Sequence Mining is relatively new. It holds promise for keywords and not regular texts. Keyword extraction is itself performed with a variety of statistical and mining techniques. Therefore, sequence mining adds value only when keyword extraction is good. 
#codingexercise
https://github.com/ravibeta/ecs-samples/tree/master/ecs-go-certs

Friday, May 17, 2019


Object storage has established itself as a “standard storage” in the enterprise and cloud. As it brings many of the storage best practice to provide durability, scalability, availability and low cost to its users, it can go beyond tier 2 storage to become nearline storage for vectorized execution. Web accessible storage has been important for vectorized execution. We suggest that some of the NoSQL stores can be overlaid on top of object storage and discuss an example with Column storage.  We focus on the use case of columns because they are not relational and find many applications that are similar to the use cases of object storage. They also tend to become large with significant read-write access. Object storage then transforms from being a storage layer participating in vectorized executions to one that actively builds metadata, maintains organizations, rebuilds indexes, and supporting web access for those don’t want to maintain local storage or want to leverage easy data transfers from a stash. Object storage utilize a  queue layer and a  cache layer to handle processing of data for pipelines. We presented the notion of fragmented data transfer with an earlier document. Here we suggest that Columns are similar to fragmented data transfer and how object storage can serve both as source and destination of Columns.

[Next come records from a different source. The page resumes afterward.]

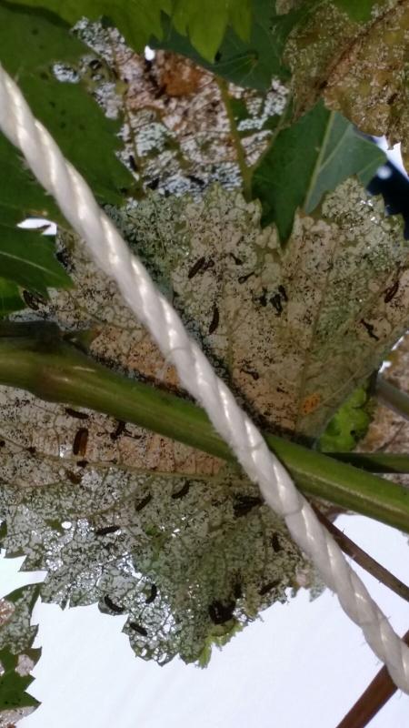 Ich bzw. meine beste Freundin benötigen mal Eure Hilfe:Im Ferienhau in Spanien wird der Wein immer wieder von kleinen dunklen Raupen befallen - zu hunderten! Sie hat bisher immer die befallenen Blätter weggeschnitten und Gift gespritzt (hab leider keine näheren Angaben dazu), 2-3 Wochen war dann Ruhe und dann sind sie schon wiedergekommen. Hab leider nur ein mäßig-gutes Bild. Kann trotzdem jemand helfen?
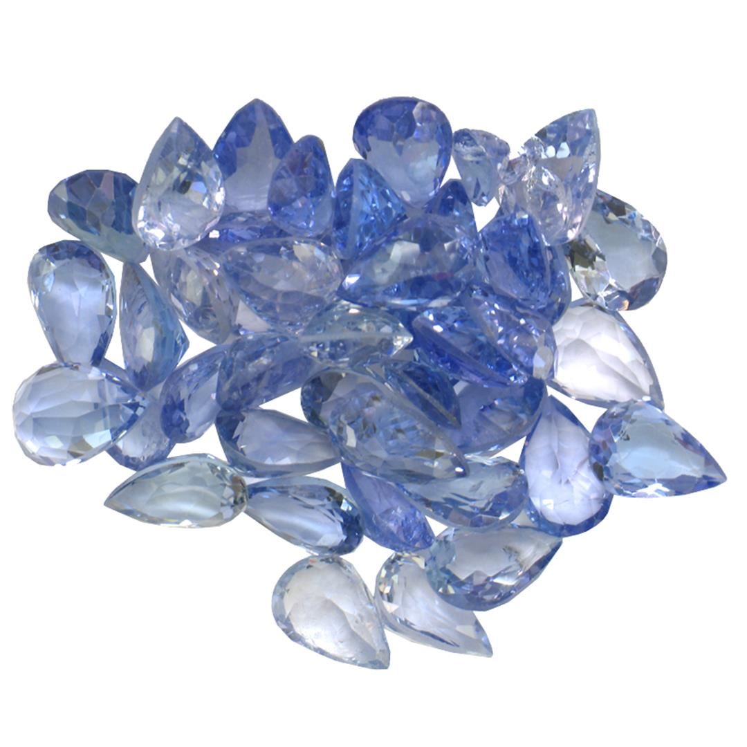 Forty-six pear mixed cut natural tanzanites exact total weight 15.63ct., clarity is slightly included, type I, medium dark, very slightly grayish, bluish violet color, (GIA bV 6/3), cut is good. Transmitting light with a minimum of distortion, transparent. Naturally occurring internal & external characteristics are present. Color grade is an average for the group. Tanzanite is a very rare gemstone that is only found in the country of Tanzania. Originally discovered in 1967. Tiffany & Company, named the stone Tanzanite. It is found in the Usumburu Mountains that border the Umba Valley of northern Tanzania. Tanzanite occurs in gray, brown, violet, blue, reddish-purple, & green. The gem is interesting because of its exceptional pleochroism. Rotated in different directions a tanzanite will exhibit multiple changes of color. Tanzanite has a low tolerance to ultrasonic cleaning, and should not be cleaned using this method. Westfield Appraised at $1,505.00.
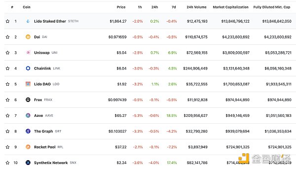 過去24小時去中心化交易所的交易量 數據來源:coingecko
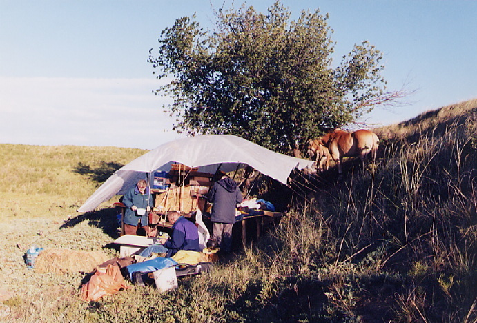 Research crew on preliminary survey, summer of 2002. Analyzing and recording data in camp.

Column storage gained popularity because cells could be grouped in columns rather than rows. Read and writes are over columns enabling fast data access and aggregation. Their need for storage is not very different from applications requiring object storage. However as object storage makes inwards into vectorized execution, the data transfers become increasingly fragmented and continuous. At this junction it is important to facilitate data transfer between objects and Column
File-systems have long been the destination to store artifacts on disk and while file-system has evolved to stretch over clusters and not just remote servers, it remains inadequate as a blob storage. Data writers have to self-organize and interpret their files while frequently relying on the metadata stored separate from the files.  Files also tend to become binaries with proprietary interpretations. Files can only be bundled in an archive and there is no object-oriented design over data. If the storage were to support organizational units in terms of objects without requiring hierarchical declarations and supporting is-a or has-a relationships, it tends to become more usable than files.
Since Column storage overlays on Tier 2 storage on top of blocks, files and blobs, it is already transferring data to object storage. However, the reverse is not that frequent although objects in a storage class can continue to be serialized to Column in a continuous manner. It is also symbiotic to audience on both storage.
As compute, network and storage are overlapping to expand the possibilities in each frontier at cloud scale, message passing has become a ubiquitous functionality. While libraries like protocol buffers and solutions like RabbitMQ are becoming popular, Flows and their queues can be given native support in unstructured storage. With the data finding universal storage in object storage, we can now focus on making nodes as objects and edges as keys so that the web accessible node can participate in Column processing and keep it exclusively compute-oriented.